In software development, many changes take place depending on the stage your team is at. For example, you may need to change from a test database to a production-ready database. Whatever it is, the environment where your code runs changes, and so does your configuration.

In this guide, we will look at some of the strategies Spring Boot provides us to deal with this challenge. We will look at how to change environments, extract environment variables, and more.

By the end of this article, you will be more equipped to deal with spring boot configuration challenges.

Table of Contents

Prerequisites

To follow through this article, you need to have:

  • Basic knowledge of Spring Boot (i.e. beans, services, dependency injection)
  • Java fundamentals
  • Packaging and running jar files (optional but recommended)

What are profiles?

When talking about environment configuration, it is essential to understand what profiles are. A profile in Spring is the name of the environment in which you want to run your application.

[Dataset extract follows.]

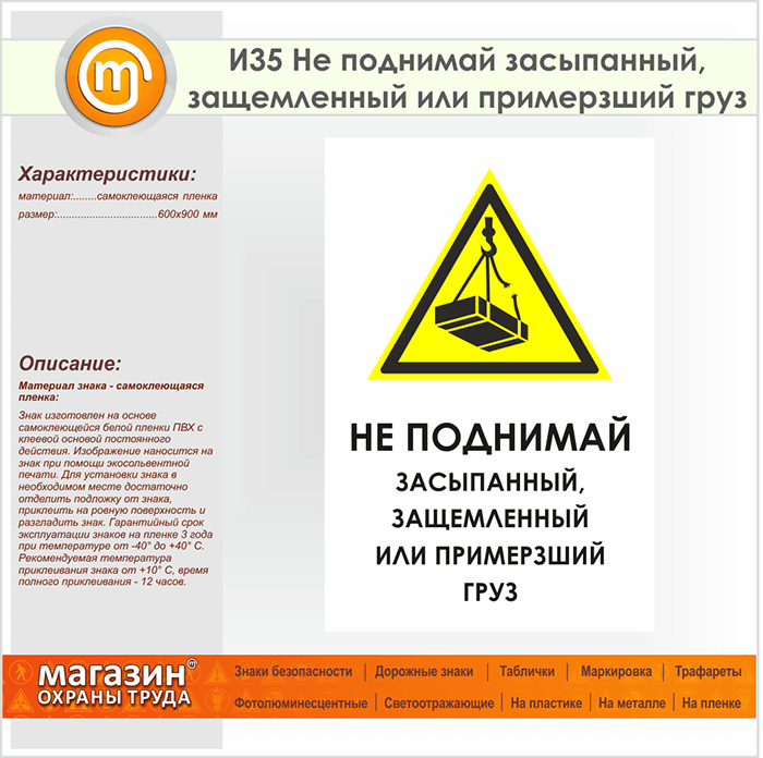 Знак «Не поднимай засыпанный, защемленный или примерзший груз», И35 на пленке, размером 600х900 мм напоминает об опасности поднятия зажатого или примерзшего груза. Указательные таблички и предупреждающие знаки на строительной площадке помогут ориентироваться на месте строительства
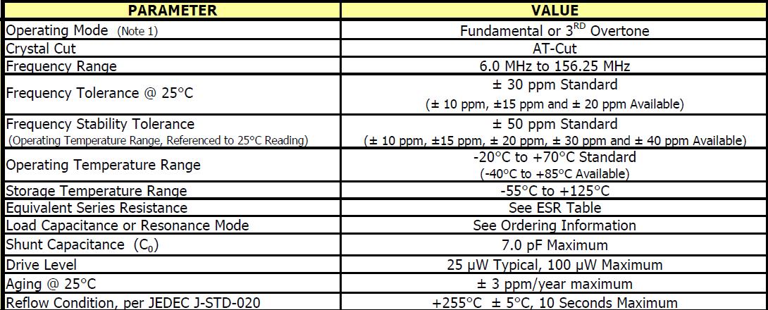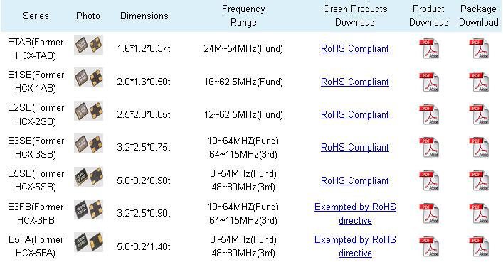 AEL原廠編碼 | 品牌 | 型號 | 工作溫度 | 頻率 | 頻率穩(wěn)定度 |

The names for your profiles can be whatever you want and can represent any environment you want. Two prevalent ones would be a development and production environment.

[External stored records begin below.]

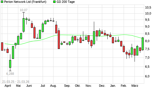 Mit dem Anstieg auf 8,23 EUR hat die Perion Network-Aktie am 20.03.2026 die 200-Tage-Linie nach oben gekreuzt.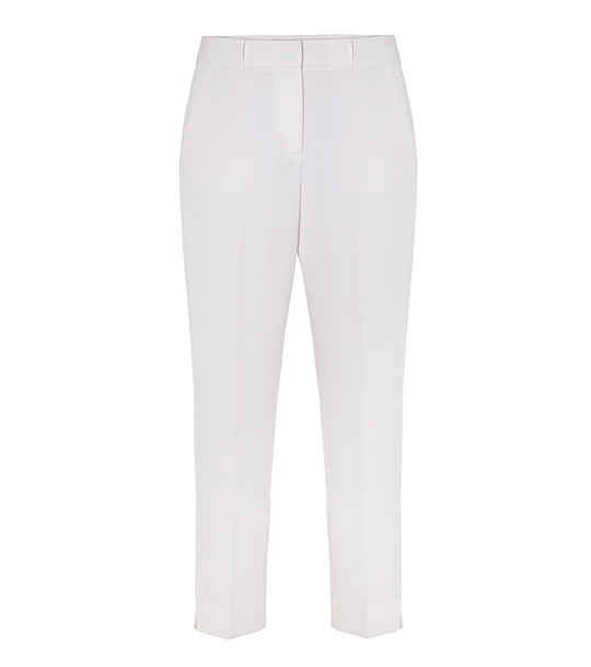 Pantaloni cu talie dreaptă, ușor conică, până la gleznă. Talie medie-înaltă cu găici pentru curea. Închidere cu fermoar și nasturi ascunși în față. Buzunare laterale și buzunare decorative cu refileți la spate. Săgeată fină de-a lungul picioarelor.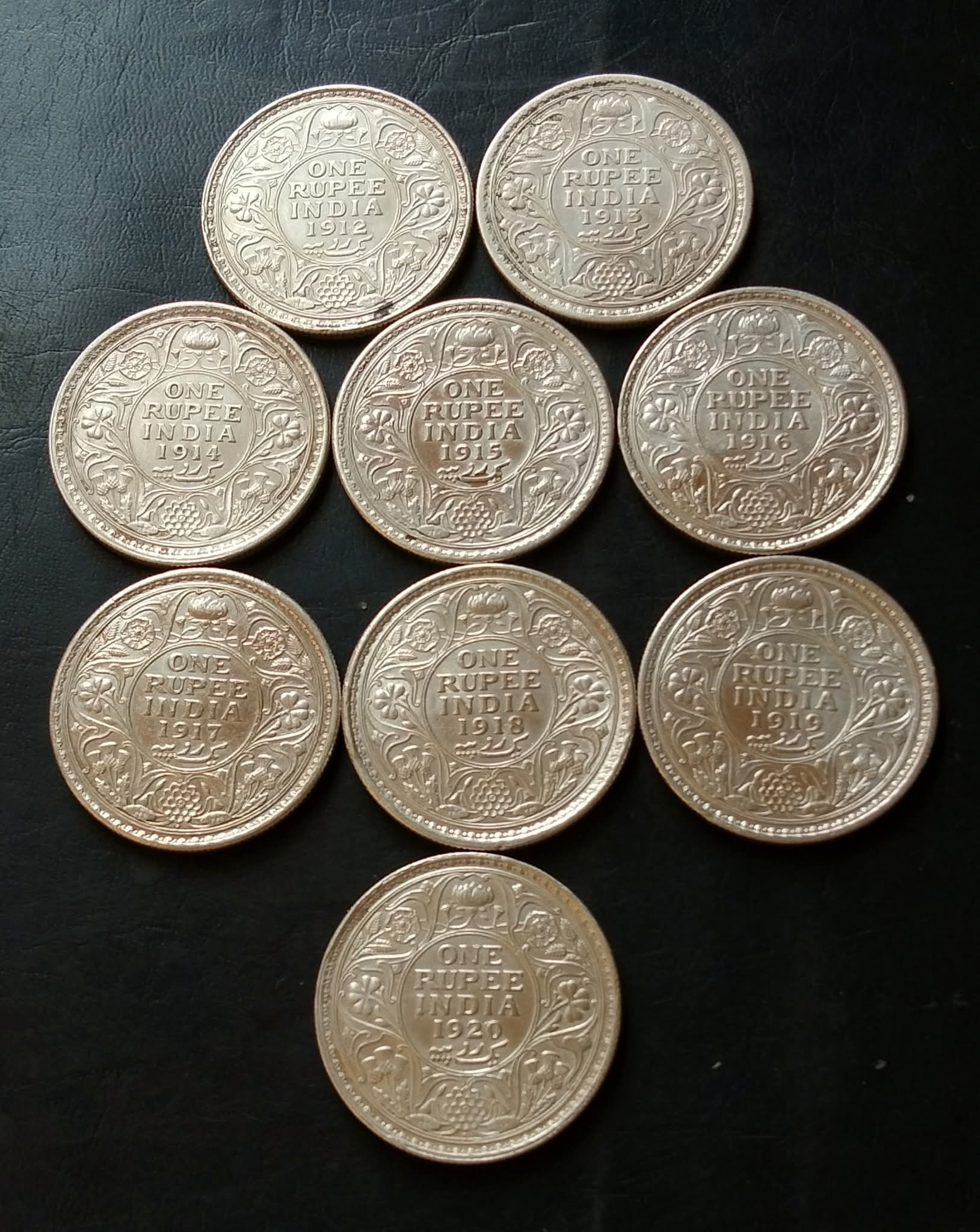 SILVER BRITISH INDIA 🇮🇳 DIFFERENT YEARS COLLECTION KING👑👑👑👑 GEORGE V FULL SILVER 9 DIFFERENT YEARS 1₹SET WEIGHT 11.6GM EACH 1912/13/14/15/16/17/18/19/20 ORIGINAL GAUARANTEE EXCELLENT CONDITION. Same and similar piece available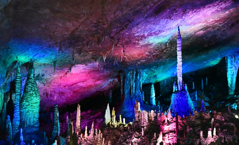 張家界武陵源的黃龍洞,號稱世界溶洞奇觀,今年九月份,我懷著探秘的心境前來欣賞。洞內(nèi),頭一段路較為平坦,約百米,漸漸踏上了石階,燈光灰暗,眼前的一切都顯得模糊,導(dǎo)游小邱說洞中有幾層,展現(xiàn)在眼前的是一個(gè)豪華的“歌舞廳”,我想那龍王和他的子孫們在重要的節(jié)日定然在這舞廳展示風(fēng)采吧!殿堂里燈光不停的閃爍,色彩斑闌,隱隱約約看見它的小女兒正在與情人約會,手牽手低低切切,情意綿綿……這個(gè)大廳名曰:“龍舞廳”,之外,還有天堂宮、天仙宮、后宮、龍宮……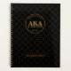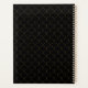 Organize your year in luxurious style with this elegant planner featuring a black background, gold trellis pattern, and dotted medallion monogram.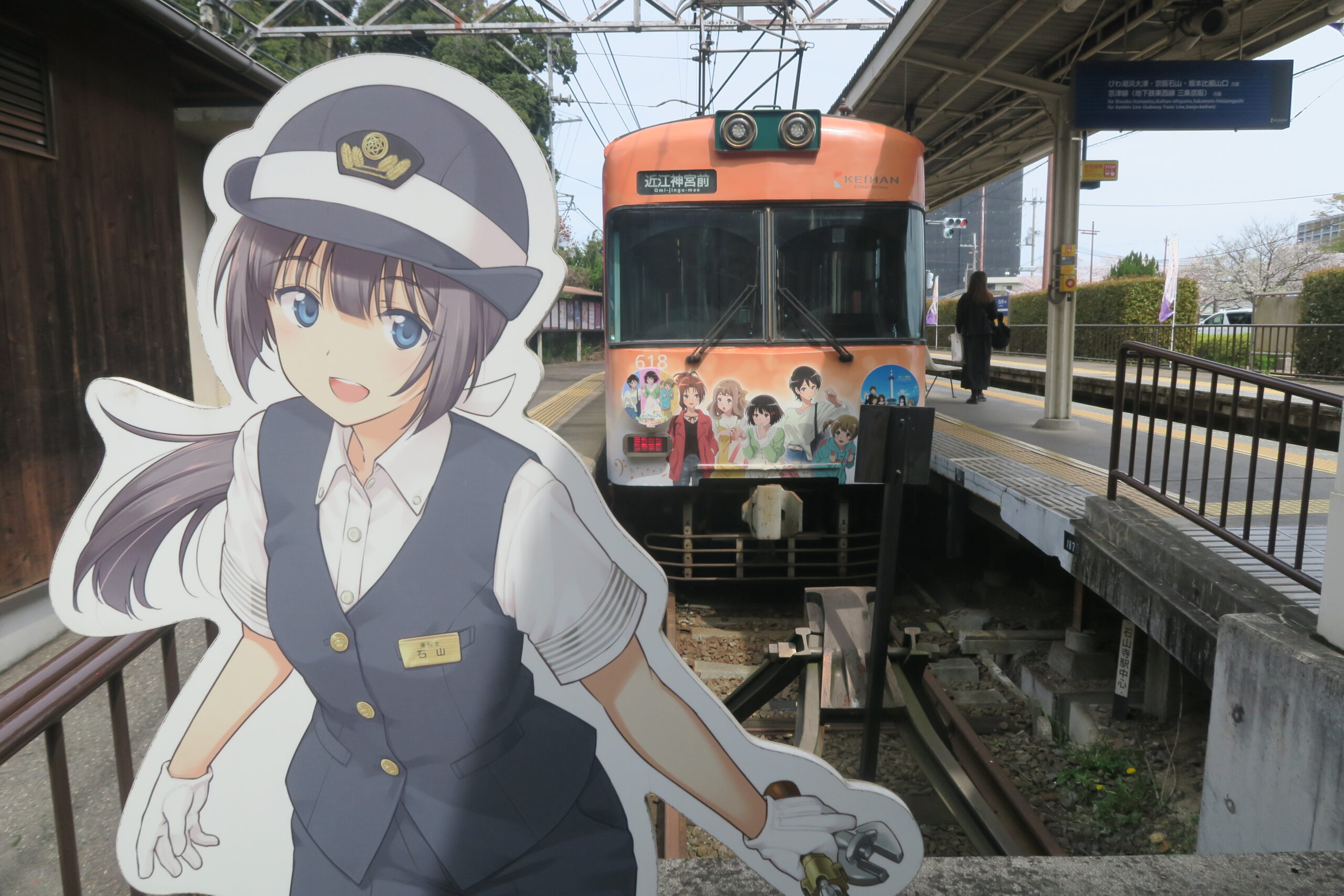 石山寺駅から再び電車に乗車しますが、停まっていた電車は「輝け!ユーフォニアム」のラッピング車両でした。

Using the profile, we can change certain configuration variables to suit the environment. By default, your Spring Boot application will have a profile of default. This, of course, can be overridden to suit your needs.

Setting the profile

To set the profile, you add a command-line argument when you package or run the jar file. This command-line argument is named Dspring.profiles.active, and the value should be the profile you want to use.

For example, if you want to run your jar with a profile of prod, you would run a command like so:

java -jar -Dspring.profiles.active=prod my-project-0.0.1-SNAPSHOT.jar

If you want to run your application from IntelliJ, you can set the active profile in your run configurations. You would first click run, then edit configurations, you should see an input to set your VM options:

run-config

Here, you can add the command argument above. If you are using IntelliJ Ultimate, there should be a separate input field to put the profiles.

Note: you can set multiple profiles when running your application. For the sake of simplicity, we will only use one profile at a time throughout this guide.

Using configuration files

Profile specific configuration files

Now that we know how to set the profile, how can we take advantage of this?

Spring Boot allows us to override values in our config file based on the profile.

To do this, you would create a new properties file at the exact location as the application.properties file. These files need to follow this specific naming convention to distinguish between profiles:

application-{profile}.properties

Properties in these files will override your application.properties if the profile is active. In a dev profile, application-dev.properties will override common properties in application.properties.

Note that we can put custom properties in these files so that we can use them in our code. It is not restricted to the built-in properties you are used to seeing. We will be going over how to do this later.

Hiding sensitive properties

Let’s say you were creating an application-prod.properties file. This, of course, would contain properties for your production-ready application. These details should be private since they deal with actual databases or secret keys.

How then could we take the proper measures to secure this data?

One great way to achieve this is by injecting system variables into your config files. When you install Java, you have to go through the process of setting a system variable called JAVA_HOME. This variable stores the folder location of your JDK.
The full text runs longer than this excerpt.